**WHAT THE TASK REQUIRES**
Using the records below, write out only the lines from the line containing "Черное платье Малифисенты" up to and including the line containing "欧达(ORDRO)AX60光", exactly, with no pictures.

**RECORD EXCERPTS**
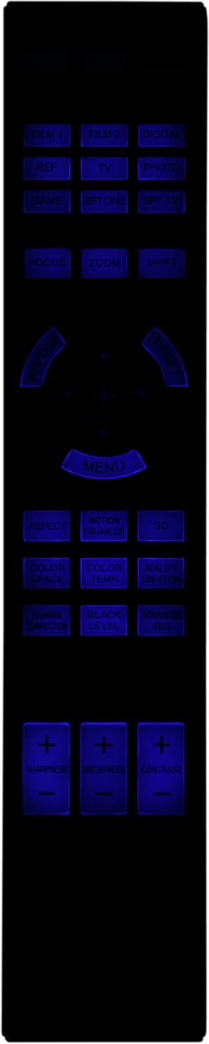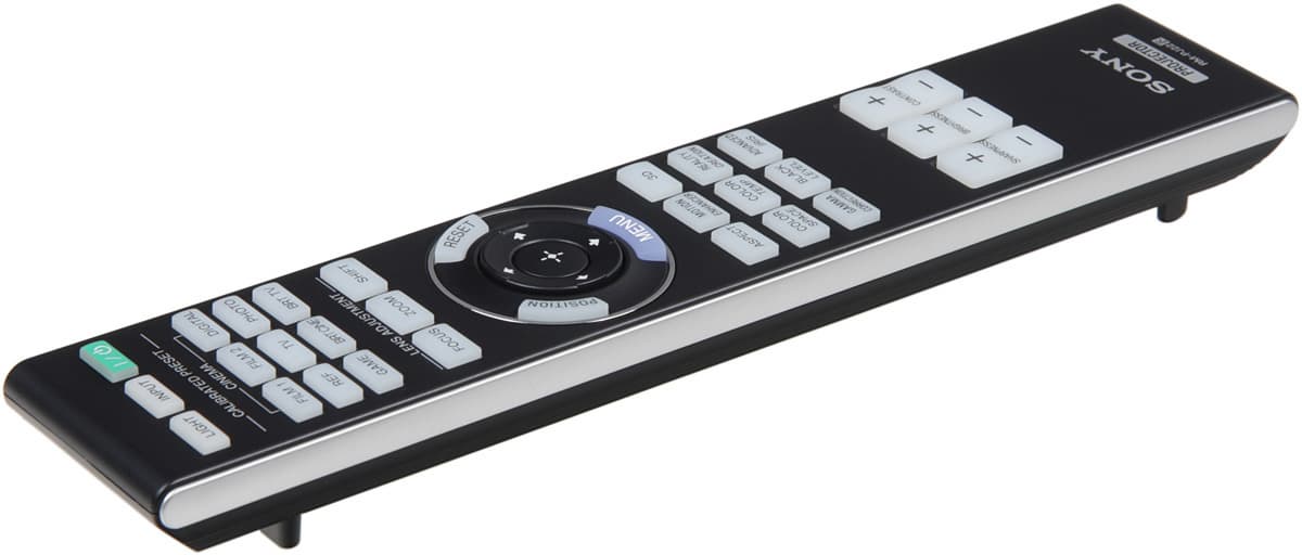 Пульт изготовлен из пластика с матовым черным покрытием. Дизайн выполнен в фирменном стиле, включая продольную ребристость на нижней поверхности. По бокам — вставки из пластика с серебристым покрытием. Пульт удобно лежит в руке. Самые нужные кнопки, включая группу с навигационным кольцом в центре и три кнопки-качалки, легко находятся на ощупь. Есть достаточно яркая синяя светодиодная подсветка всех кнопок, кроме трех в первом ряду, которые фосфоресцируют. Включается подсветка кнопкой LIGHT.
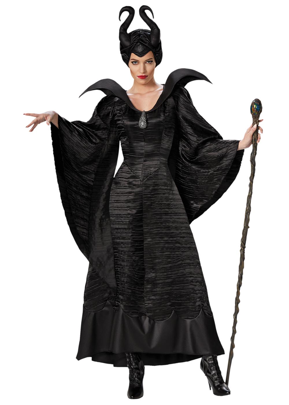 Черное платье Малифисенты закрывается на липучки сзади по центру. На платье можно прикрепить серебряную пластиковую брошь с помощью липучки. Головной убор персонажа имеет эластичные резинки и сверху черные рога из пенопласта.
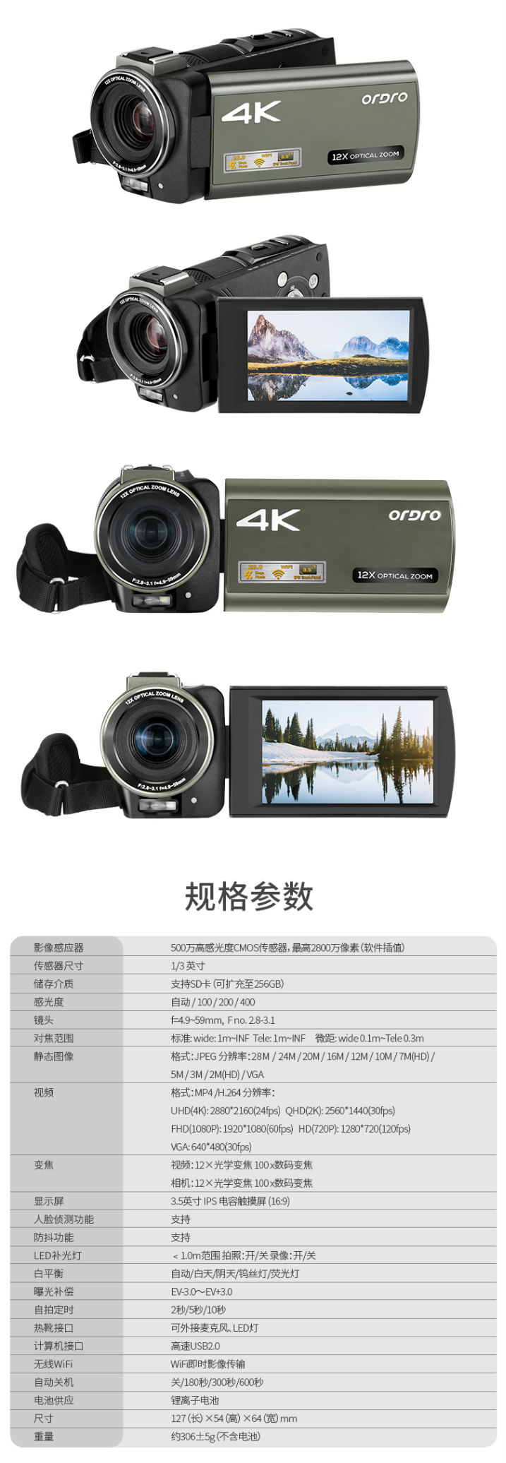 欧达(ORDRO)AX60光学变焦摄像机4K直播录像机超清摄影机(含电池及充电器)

* * *

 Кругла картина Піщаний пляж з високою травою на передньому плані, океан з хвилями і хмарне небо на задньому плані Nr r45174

--

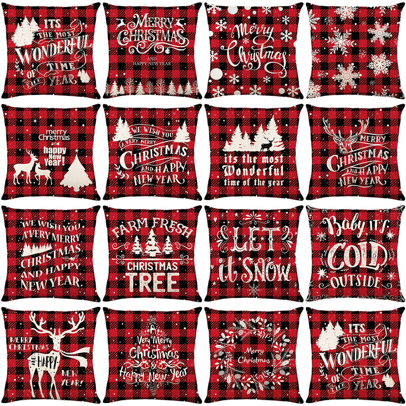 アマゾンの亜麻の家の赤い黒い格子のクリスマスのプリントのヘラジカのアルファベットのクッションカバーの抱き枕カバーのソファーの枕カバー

**RESULT FOR THIS TASK**
 Черное платье Малифисенты закрывается на липучки сзади по центру. На платье можно прикрепить серебряную пластиковую брошь с помощью липучки. Головной убор персонажа имеет эластичные резинки и сверху черные рога из пенопласта.
 欧达(ORDRO)AX60光学变焦摄像机4K直播录像机超清摄影机(含电池及充电器)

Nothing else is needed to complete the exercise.